Several considerations apply to the use of mWRDs as a screening tool. mWRDs perform differently when used for screening than when used for diagnosis. Because of the differences in accuracy and the lower TB prevalence typically found in a population undergoing screening rather than diagnostic evaluation, the positive and negative predictive values of mWRDs also differ. For example, despite a high estimated specificity of 99%, over one half of positive screening tests will be false-positive when mWRDs are used to screen a population with a 1% prevalence of TB. Thus, the different implications for clinical interpretation and programmatic use of mWRDs for screening and for diagnosis must be understood. In addition, clinicians may wish to exercise their clinical judgement when interpreting mWRD results in light of the findings of a clinical examination, patient history, as well as results from other tests.

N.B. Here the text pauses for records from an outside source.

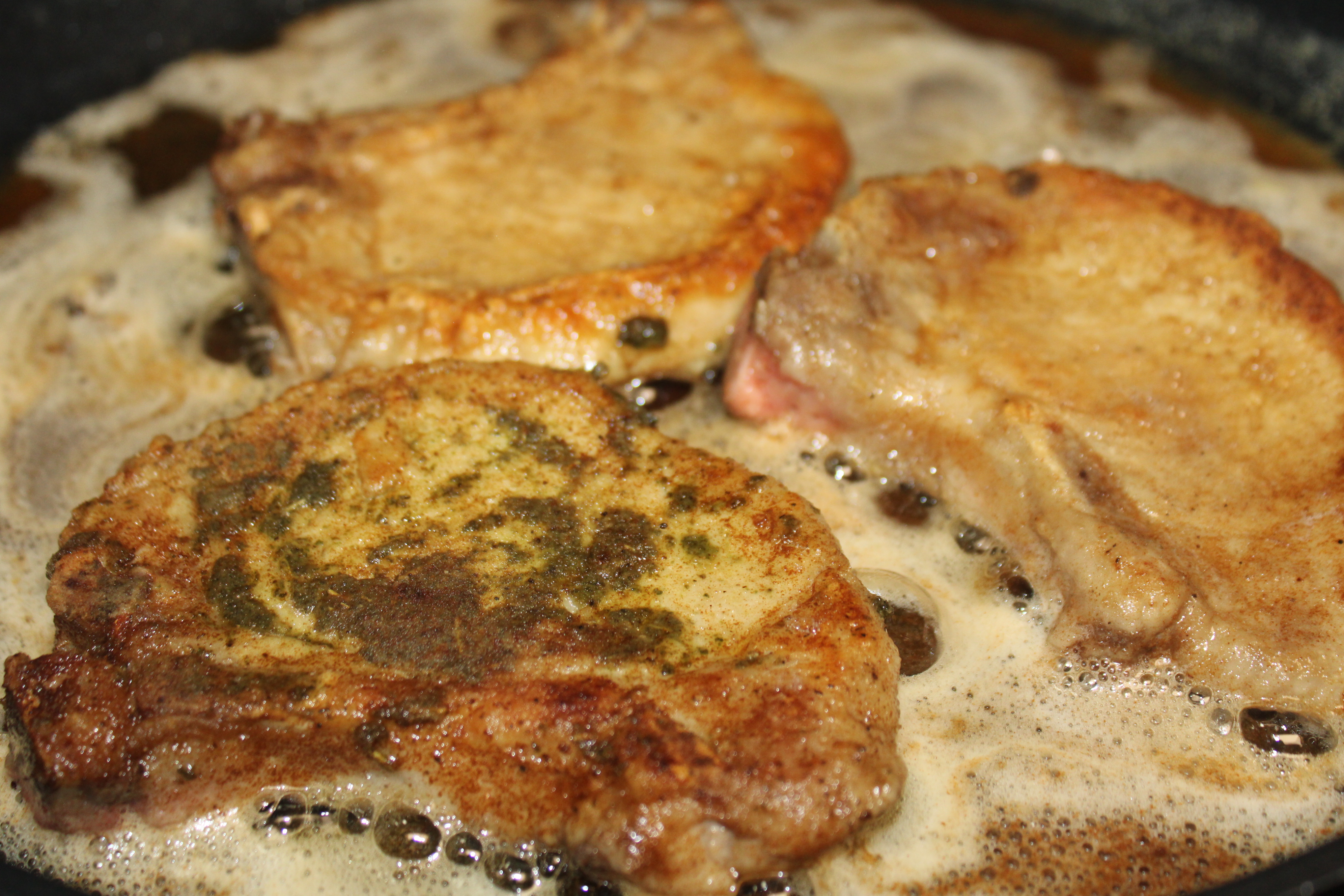 Return the skillet to medium heat and warm the butter. Brown pork chops on both sides, about 2 minutes or so per side. Remove chops from the skillet. Drain off excess oil, leaving about a tablespoon or so behind.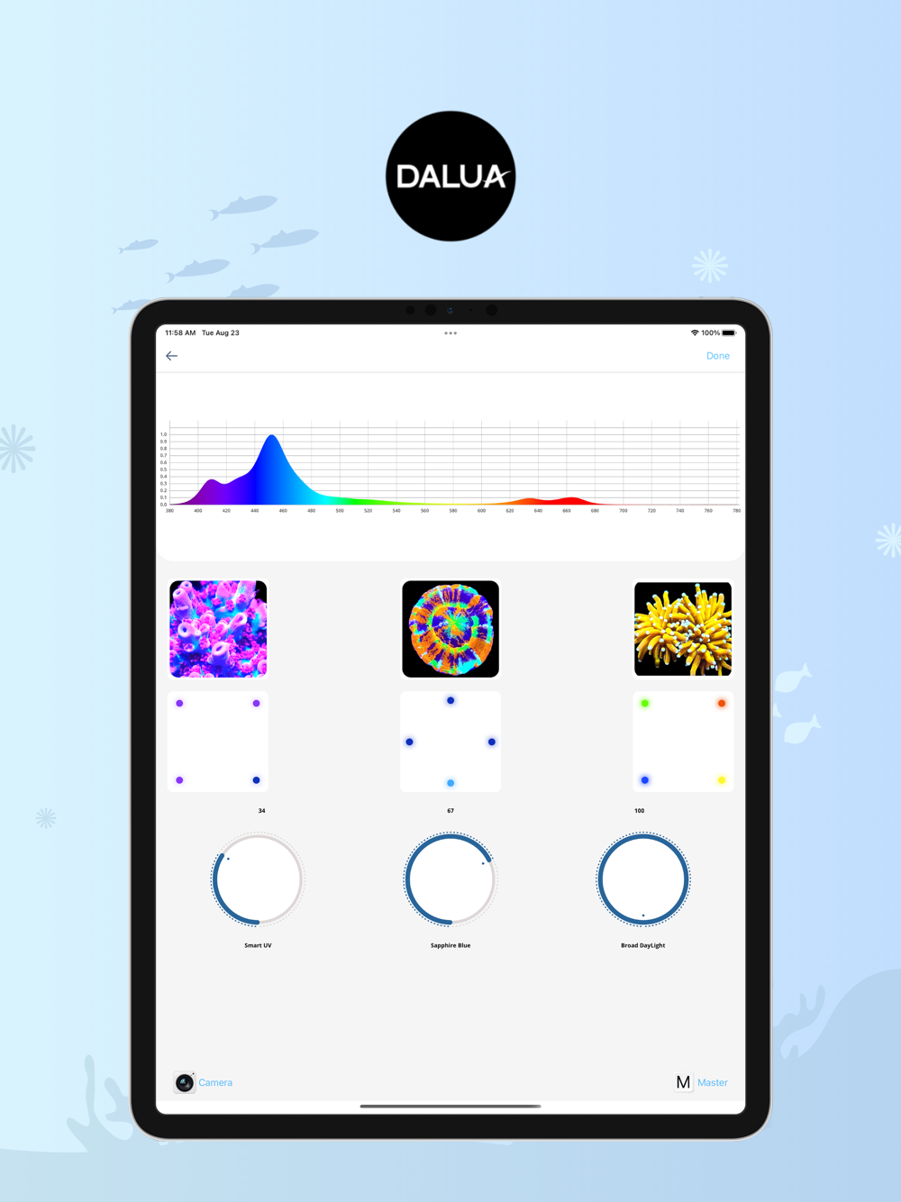 The DALUA ecosystem app allows you full control for your Illumagic lighting and soon to control the Great White filtration range such as skimmers, pumps and wave makers.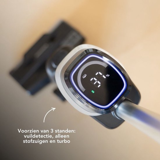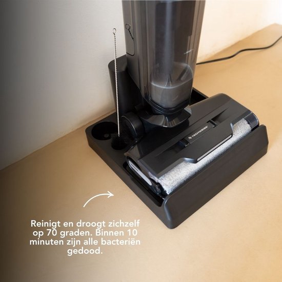 Passer l'aspirateur, passer la serpillière et attendre que le sol sèche ? Désormais, faites tout en één mouvement. Cet aspirateur à franges aspire álle, passe la serpillière et la sèche aussitôt. Tout cela en un seul mouvement.

For people who have had TB in the previous 5 years, a positive mWRD result may be due to the detection of DNA persisting from the earlier TB episode. Therefore, a positive test in such cases should be investigated with phenotypic methods to exclude a false-positive result (12). A negative mWRD for a single sputum sample does not exclude TB, as individuals with TB may test mWRDnegative because they cannot produce an adequate quantity of sputum or any at all, have a very low bacillary burden in the sample or have extrapulmonary disease. If a person is unable to provide sputum, other TB screening strategies should be considered.
If use of mWRDs for screening requires decentralization of the technology, there may be significant implications in terms of the purchase of machines, cartridges and other consumables, the need for an uninterrupted supply of electric power, and maintenance. If mWRD technology does not reach most health centres, samples will have to be transferred; in this instance, shifting from mWRDs for diagnosis to screening would substantially increase the workload for sample transport systems. Diagnostic connectivity platforms that automate the transmission, storage and retrieval of test results will improve the utility of mWRDs for decision-making.